▶ ABOUT THIS EXERCISE: From the records below, output exactly the lines running from the line containing "Mobius, Mark. (2026, January" through the line containing "3. Espolvoreá una", and no others.

▶ DATA SHOWN:
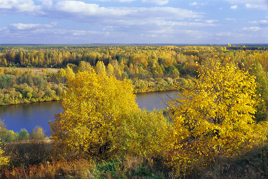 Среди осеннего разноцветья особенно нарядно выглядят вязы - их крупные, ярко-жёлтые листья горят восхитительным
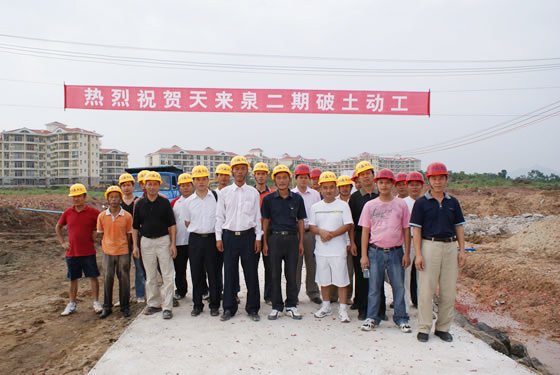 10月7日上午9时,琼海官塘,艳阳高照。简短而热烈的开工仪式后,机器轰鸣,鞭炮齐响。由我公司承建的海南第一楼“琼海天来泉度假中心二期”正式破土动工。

--

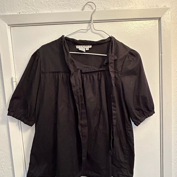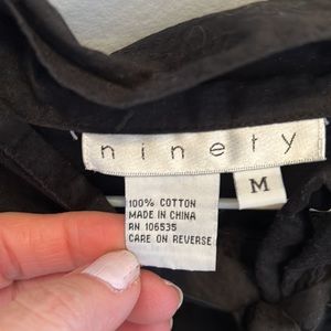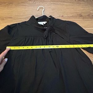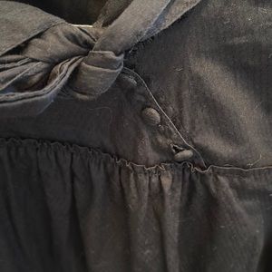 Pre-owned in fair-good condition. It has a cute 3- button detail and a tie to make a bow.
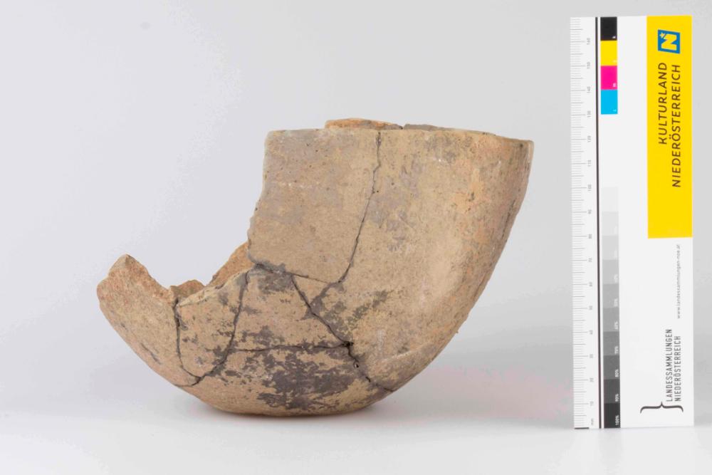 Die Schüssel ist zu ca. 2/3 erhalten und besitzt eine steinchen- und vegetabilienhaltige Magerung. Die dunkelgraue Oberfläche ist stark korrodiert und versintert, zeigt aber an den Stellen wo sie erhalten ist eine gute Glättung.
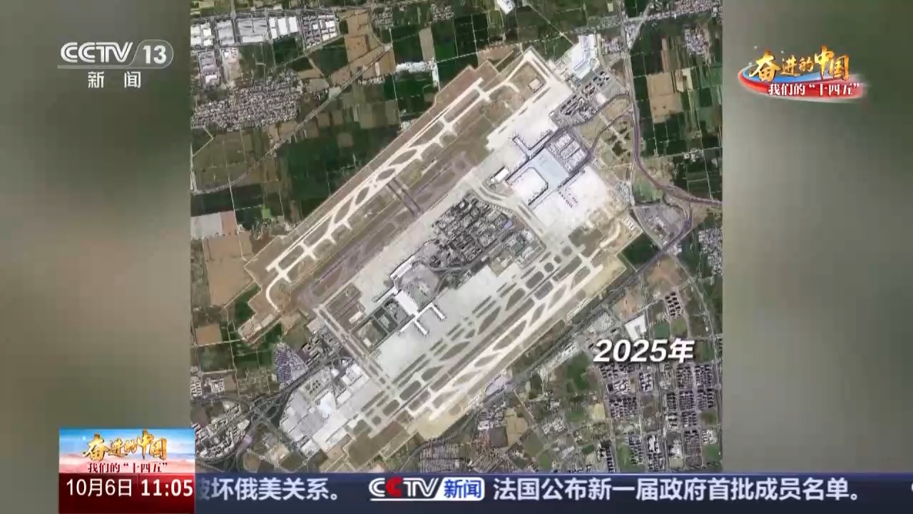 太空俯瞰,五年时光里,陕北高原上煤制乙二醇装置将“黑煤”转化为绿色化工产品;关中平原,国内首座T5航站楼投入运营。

...

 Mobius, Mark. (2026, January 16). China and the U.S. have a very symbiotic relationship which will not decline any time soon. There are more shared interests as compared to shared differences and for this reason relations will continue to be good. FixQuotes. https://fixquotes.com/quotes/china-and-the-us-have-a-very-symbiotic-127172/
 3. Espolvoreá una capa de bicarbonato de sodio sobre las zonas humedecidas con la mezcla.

▶ ANSWER TO THE EXERCISE:
 Mobius, Mark. (2026, January 16). China and the U.S. have a very symbiotic relationship which will not decline any time soon. There are more shared interests as compared to shared differences and for this reason relations will continue to be good. FixQuotes. https://fixquotes.com/quotes/china-and-the-us-have-a-very-symbiotic-127172/
 3. Espolvoreá una capa de bicarbonato de sodio sobre las zonas humedecidas con la mezcla.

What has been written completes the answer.